- **Assignment**: Copy the records word for word. Pictures do not go in.
+++
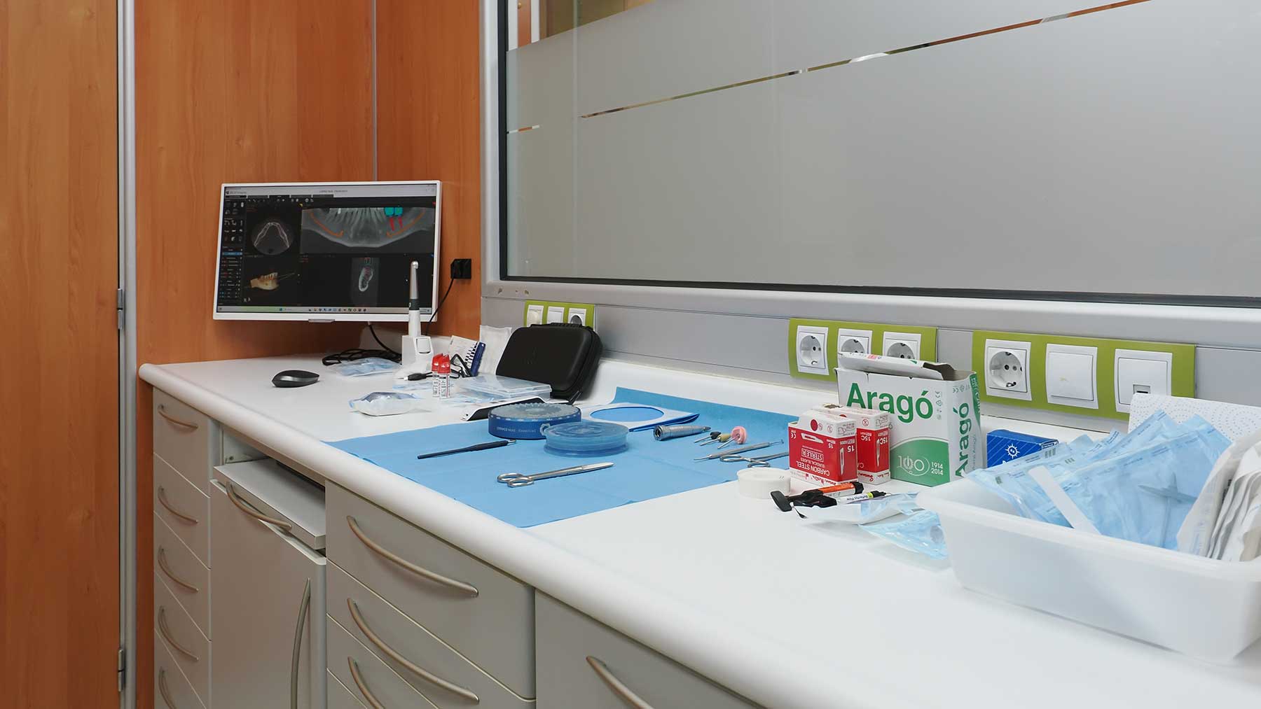 Se realizan a partir de la programación digital de la cirugía. Se confeccionan por impresión 3D SLA y ejercen de plantillas en el momento de colocar los implantes, reproduciendo en boca exactamente el mismo diseño previsto en el ordenador. Guían la colocación de los implantes y protegen el trayecto del nervio dentario y de todas las estructuras orales importantes.
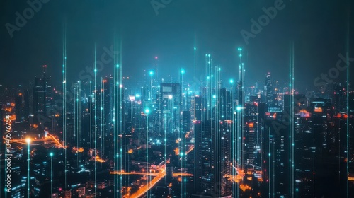 Futuristic cityscape with glowing structures and digital pathways, showcasing advanced urban innovation.
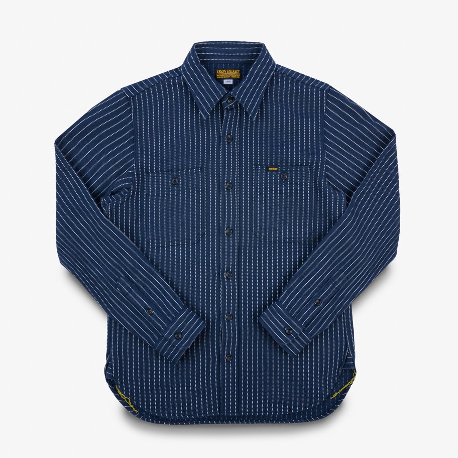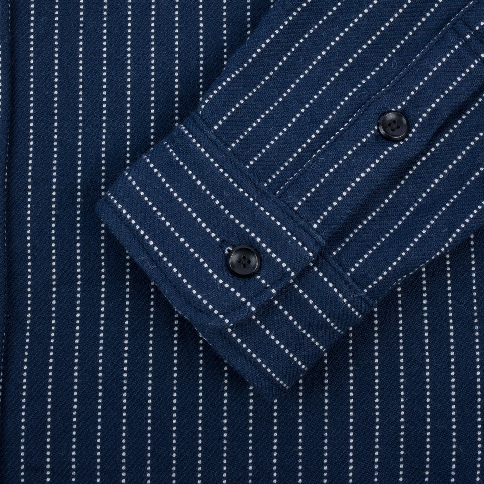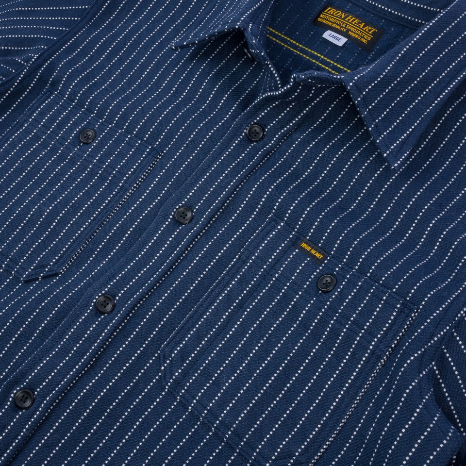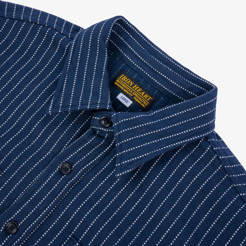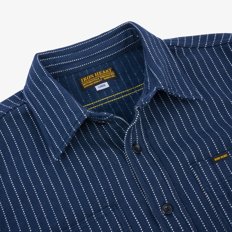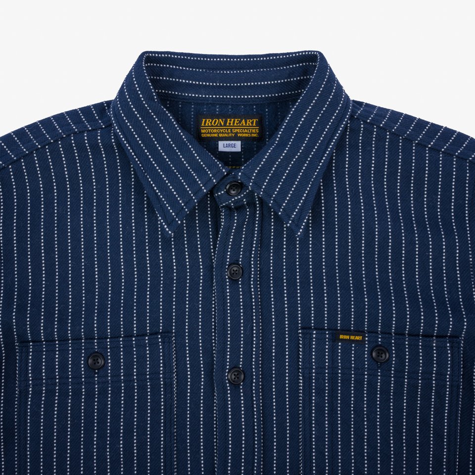 Iron Heart | IHSH-402-NAV | 12oz Ultra Heavy Flannel Chalk Stripe Work Shirt | Navy
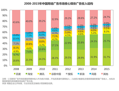 2015年,互联网广告市场相对集中在一些巨头手中,其中霸占头把交椅的百度,占比31.7%较往年初现颓势,而腾讯在沉寂了数年之后,突然如梦初醒,得益于微信广告方面的突破,较14年增长了百分之60%,实现了爆发式的增长。
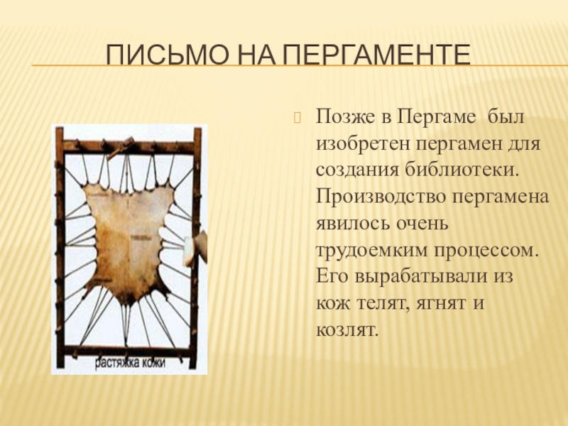 Слайд 7ПИСЬМО НА ПЕРГАМЕНТЕ
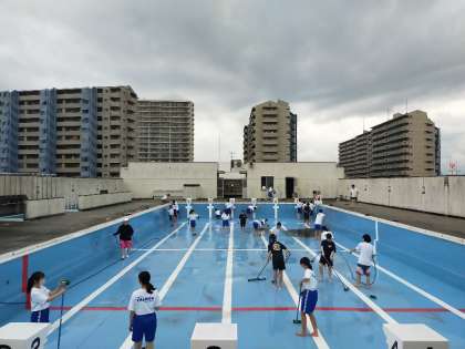 プール清掃以外にも、実は見えないところで誰かが頑張ってくれています。今回手伝ってくれた体育委員・女子バスケットボール部・野球部の皆さん、本当にありがとうございました。
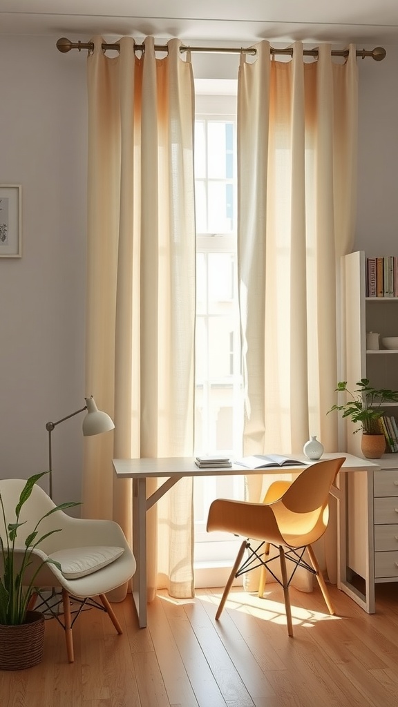Translucent window panels are a stylish choice for modern home offices. These curtains allow natural light to filter through while still providing a level of privacy. In the image above, we see a bright, airy office space enhanced by long, light-colored curtains that extend from the ceiling to the floor.
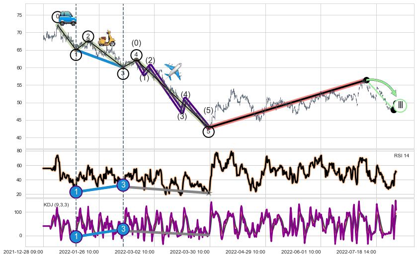 ➣ 第一, 三驱动浪端点:【KDJ】走势出现【常规背离 & 反转信号】背离程度63.73%,背离夹角角度86.8˚,背离程度较大
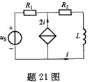 题21图所示电路中,uS(t)为单位阶跃函数,R1=R2=2Ω,L=2H。电路的时间常数是()s。
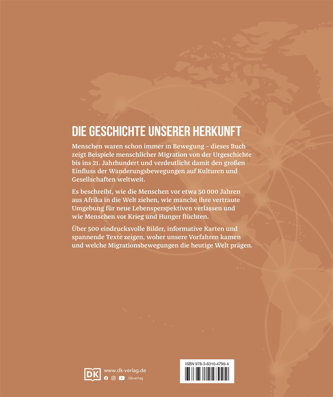 Mit eindrucksvollen Fotos, Illustrationen und Berichten aus erster Hand veranschaulicht dieses innovative Geschichtsbuch die Bewegungen von Menschen und Kulturen auf der ganzen Welt – von den frühen Wanderungen des Homo erectus aus Afrika vor 50.000 Jahren bis hin zu aktuellen Flüchtlingsbewegungen – und weitet so den Blick auf die Herausforderungen unserer Zeit. Jede Doppelseite widmet sich einem spezifischen geschichtlichen Migrations-Ereignis oder übergreifenden Migrationsursachen wie Flucht, Überbevölkerung, Krieg, Nahrungsmangel, Klimawandel oder Binnenmigration.
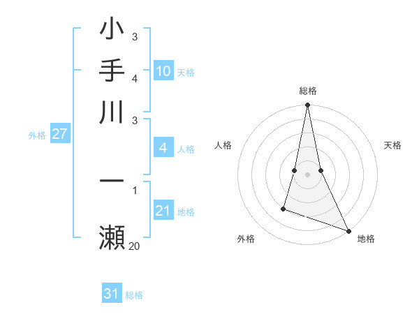 小手川 一瀬さんを姓名の画数から五運を鑑定
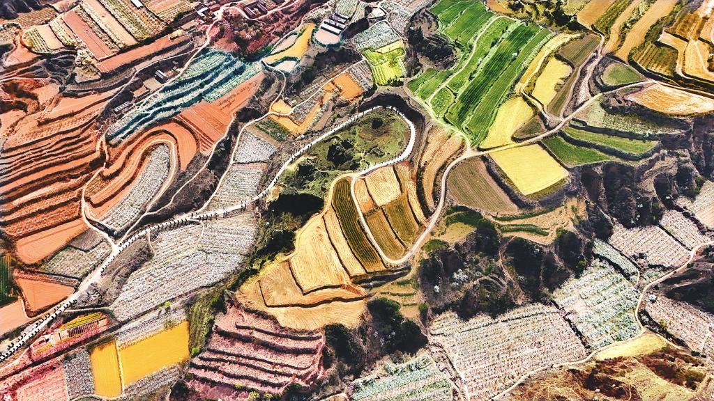 4月7日,在萬(wàn)榮縣萬(wàn)泉鄉(xiāng),成片的梯田層層疊疊、色彩斑斕,山鄉(xiāng)間呈現(xiàn)出一幅蜿蜒層疊的田園美景,宛如詩(shī)畫中的世界,美不勝收。
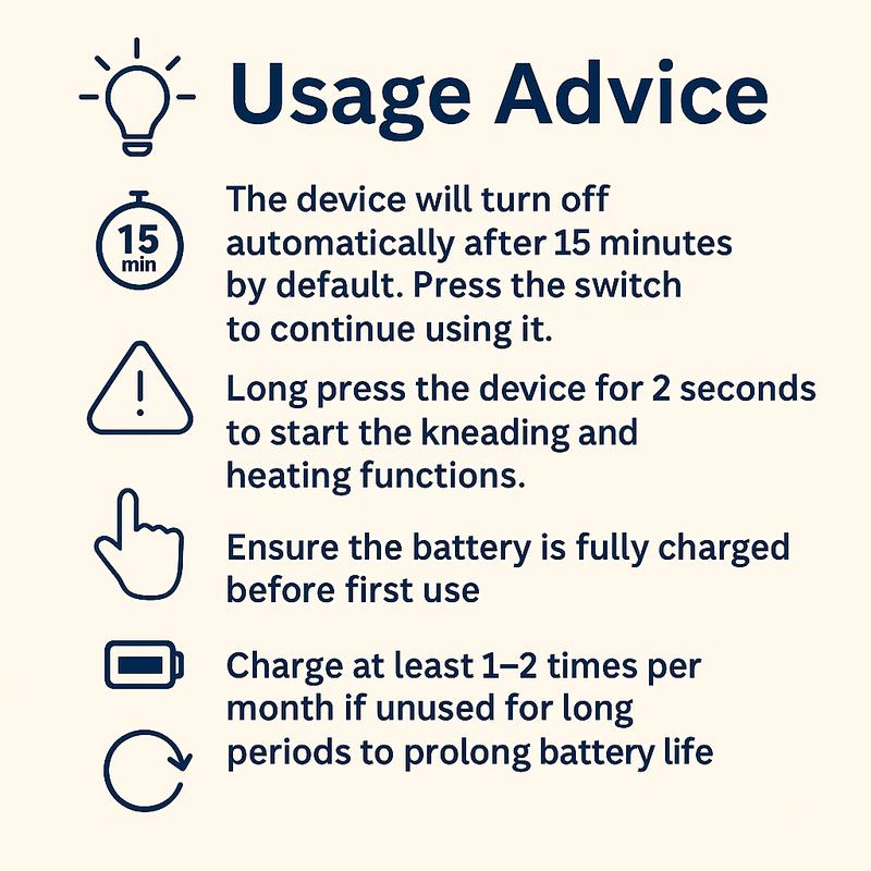 The built-in carbon fiber heating module provides a warming effect during massage—helping to promote blood circulation, enhance relaxation, and relieve muscle soreness. The warming function, combined with massage, can improve the experience of relieving muscle fatigue.
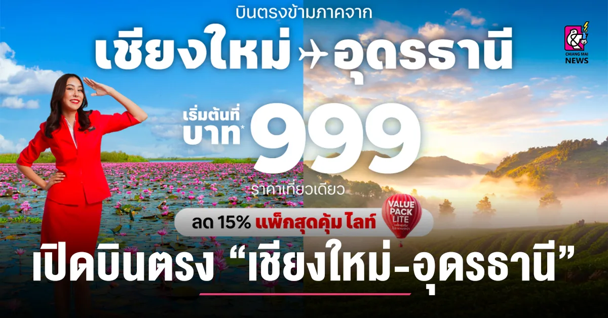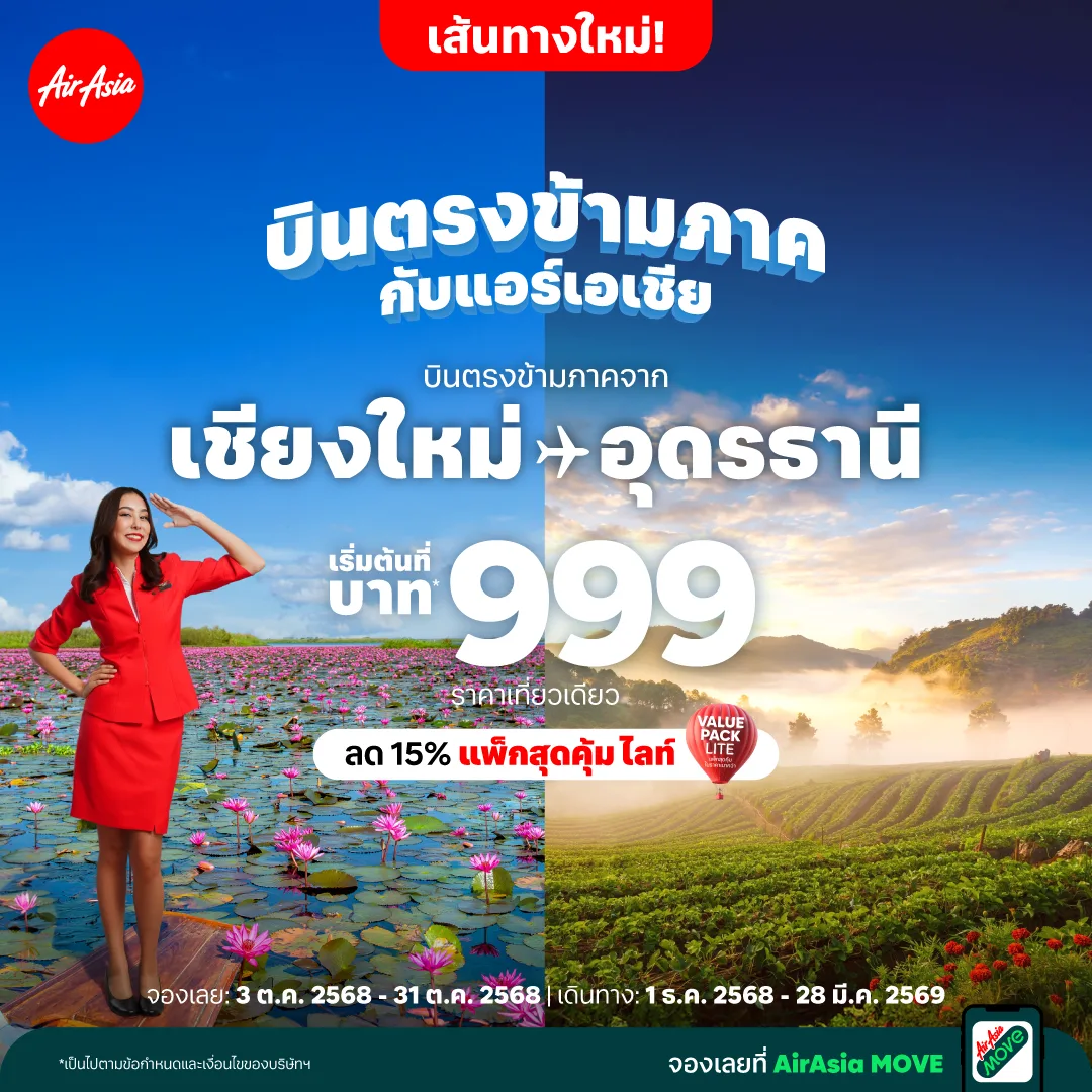 แอร์เอเชียเปิดบินตรงข้ามภาค “เชียงใหม่-อุดรธานี” เริ่มต้น 999 บาทต่อเที่ยวบิน! เชื่อมเหนือ-อีสานบินสะดวกยิ่งขึ้น จองได้เลย..เริ่มบิน 1 ธ.ค. 2568 นี้
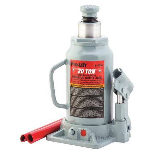 $153.74 / eachWeb priceBottle Jack, Hydraulic, 20 tonsSKU G7442088Categories Lifting and HydraulicsDescription Bottle Jack,Hydraulic,20 tons, Load Capacity 20 ton, Body Material Steel, Lifting Actuator Manual Handle, Minimum Lift Height 9 1/2 in, Maximum Lift Height 18 3/4 in, Power Source Mechanical, Standards ASME, PASE, Base Length 5 1/2 in, Base Width 5 3/8 in, Extension Screw Length 1 5/8 in, Features Extension Screw Adjusts to Accommodate Work Height, Heat Treated Critical Stress Areas, Ideal for Auto, Truck Service, Farm, and Shop Use, By-Pass Device Protects Against Over-PumpinggraingerSKU: 59DM42, mscSKU: , zoro_no: G7442088, mongo_id: 65bbe7113aaddbd5a907181a
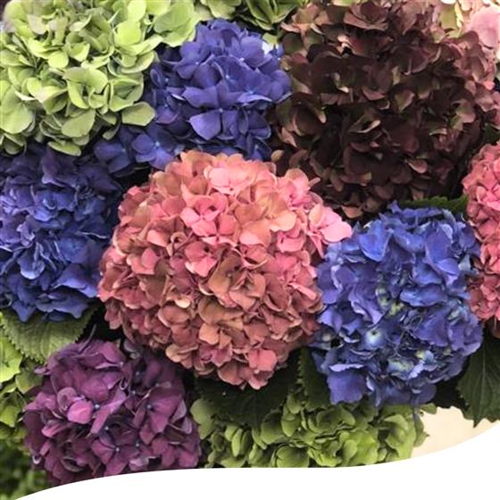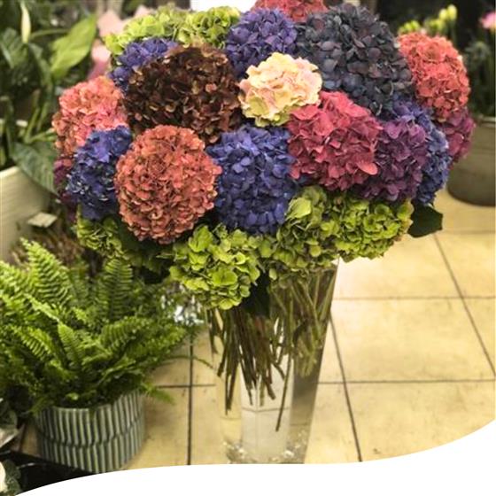 Experience the beauty of our 35 Mixed Large-Headed Hydrangeas, expertly arranged in a tall vase. For an extra touch of luxury, opt for the version with additional foliage, showcasing tall Eucalyptus and Palm leaves.
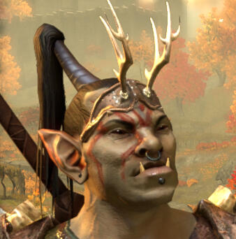 APPEARANCE: Solgun is of typical stature for a Wood Orc, but he is lean by the standards of other Orcs. He sports long black hair worn in a ponytail, and an antler adorned headband which hides small horns beneath. His nose, bottom lip, and right ear have piercings. His face and body brandish blood red tattoos originally given to him during his Drublog days, matching his deep crimson eyes. He wears tough yet soft leather armor that allows for agility and swiftness. Solgun is never found without a finely crafted sword or two, which are always self-made. He has a prominent bite scar on the back of his right thigh. As a werewolf, he has charcoal and pale gray fur, with golden eyes. His physique is notably larger and more muscular than his Orc form.VOICE: Male Orc Voice F (deeper and more guttural in werewolf form)
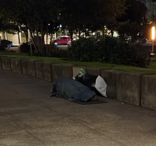 Person sleeping - Tanner Springs Park - Sent from my T-Mobile 5G Device reported at 8:18 am, 8 October 2025 near Northwest Marshall Street and Northwest 11th Avenue
+++
- **Solution for this exercise**:
 Se realizan a partir de la programación digital de la cirugía. Se confeccionan por impresión 3D SLA y ejercen de plantillas en el momento de colocar los implantes, reproduciendo en boca exactamente el mismo diseño previsto en el ordenador. Guían la colocación de los implantes y protegen el trayecto del nervio dentario y de todas las estructuras orales importantes.
 Futuristic cityscape with glowing structures and digital pathways, showcasing advanced urban innovation.
 Iron Heart | IHSH-402-NAV | 12oz Ultra Heavy Flannel Chalk Stripe Work Shirt | Navy
 2015年,互联网广告市场相对集中在一些巨头手中,其中霸占头把交椅的百度,占比31.7%较往年初现颓势,而腾讯在沉寂了数年之后,突然如梦初醒,得益于微信广告方面的突破,较14年增长了百分之60%,实现了爆发式的增长。
 Слайд 7ПИСЬМО НА ПЕРГАМЕНТЕ
 プール清掃以外にも、実は見えないところで誰かが頑張ってくれています。今回手伝ってくれた体育委員・女子バスケットボール部・野球部の皆さん、本当にありがとうございました。
Translucent window panels are a stylish choice for modern home offices. These curtains allow natural light to filter through while still providing a level of privacy. In the image above, we see a bright, airy office space enhanced by long, light-colored curtains that extend from the ceiling to the floor.
 ➣ 第一, 三驱动浪端点:【KDJ】走势出现【常规背离 & 反转信号】背离程度63.73%,背离夹角角度86.8˚,背离程度较大
 题21图所示电路中,uS(t)为单位阶跃函数,R1=R2=2Ω,L=2H。电路的时间常数是()s。
 Mit eindrucksvollen Fotos, Illustrationen und Berichten aus erster Hand veranschaulicht dieses innovative Geschichtsbuch die Bewegungen von Menschen und Kulturen auf der ganzen Welt – von den frühen Wanderungen des Homo erectus aus Afrika vor 50.000 Jahren bis hin zu aktuellen Flüchtlingsbewegungen – und weitet so den Blick auf die Herausforderungen unserer Zeit. Jede Doppelseite widmet sich einem spezifischen geschichtlichen Migrations-Ereignis oder übergreifenden Migrationsursachen wie Flucht, Überbevölkerung, Krieg, Nahrungsmangel, Klimawandel oder Binnenmigration.
 小手川 一瀬さんを姓名の画数から五運を鑑定
 4月7日,在萬(wàn)榮縣萬(wàn)泉鄉(xiāng),成片的梯田層層疊疊、色彩斑斕,山鄉(xiāng)間呈現(xiàn)出一幅蜿蜒層疊的田園美景,宛如詩(shī)畫中的世界,美不勝收。
 The built-in carbon fiber heating module provides a warming effect during massage—helping to promote blood circulation, enhance relaxation, and relieve muscle soreness. The warming function, combined with massage, can improve the experience of relieving muscle fatigue.
 แอร์เอเชียเปิดบินตรงข้ามภาค “เชียงใหม่-อุดรธานี” เริ่มต้น 999 บาทต่อเที่ยวบิน! เชื่อมเหนือ-อีสานบินสะดวกยิ่งขึ้น จองได้เลย..เริ่มบิน 1 ธ.ค. 2568 นี้
 $153.74 / eachWeb priceBottle Jack, Hydraulic, 20 tonsSKU G7442088Categories Lifting and HydraulicsDescription Bottle Jack,Hydraulic,20 tons, Load Capacity 20 ton, Body Material Steel, Lifting Actuator Manual Handle, Minimum Lift Height 9 1/2 in, Maximum Lift Height 18 3/4 in, Power Source Mechanical, Standards ASME, PASE, Base Length 5 1/2 in, Base Width 5 3/8 in, Extension Screw Length 1 5/8 in, Features Extension Screw Adjusts to Accommodate Work Height, Heat Treated Critical Stress Areas, Ideal for Auto, Truck Service, Farm, and Shop Use, By-Pass Device Protects Against Over-PumpinggraingerSKU: 59DM42, mscSKU: , zoro_no: G7442088, mongo_id: 65bbe7113aaddbd5a907181a
 Experience the beauty of our 35 Mixed Large-Headed Hydrangeas, expertly arranged in a tall vase. For an extra touch of luxury, opt for the version with additional foliage, showcasing tall Eucalyptus and Palm leaves.
 APPEARANCE: Solgun is of typical stature for a Wood Orc, but he is lean by the standards of other Orcs. He sports long black hair worn in a ponytail, and an antler adorned headband which hides small horns beneath. His nose, bottom lip, and right ear have piercings. His face and body brandish blood red tattoos originally given to him during his Drublog days, matching his deep crimson eyes. He wears tough yet soft leather armor that allows for agility and swiftness. Solgun is never found without a finely crafted sword or two, which are always self-made. He has a prominent bite scar on the back of his right thigh. As a werewolf, he has charcoal and pale gray fur, with golden eyes. His physique is notably larger and more muscular than his Orc form.VOICE: Male Orc Voice F (deeper and more guttural in werewolf form)
 Person sleeping - Tanner Springs Park - Sent from my T-Mobile 5G Device reported at 8:18 am, 8 October 2025 near Northwest Marshall Street and Northwest 11th Avenue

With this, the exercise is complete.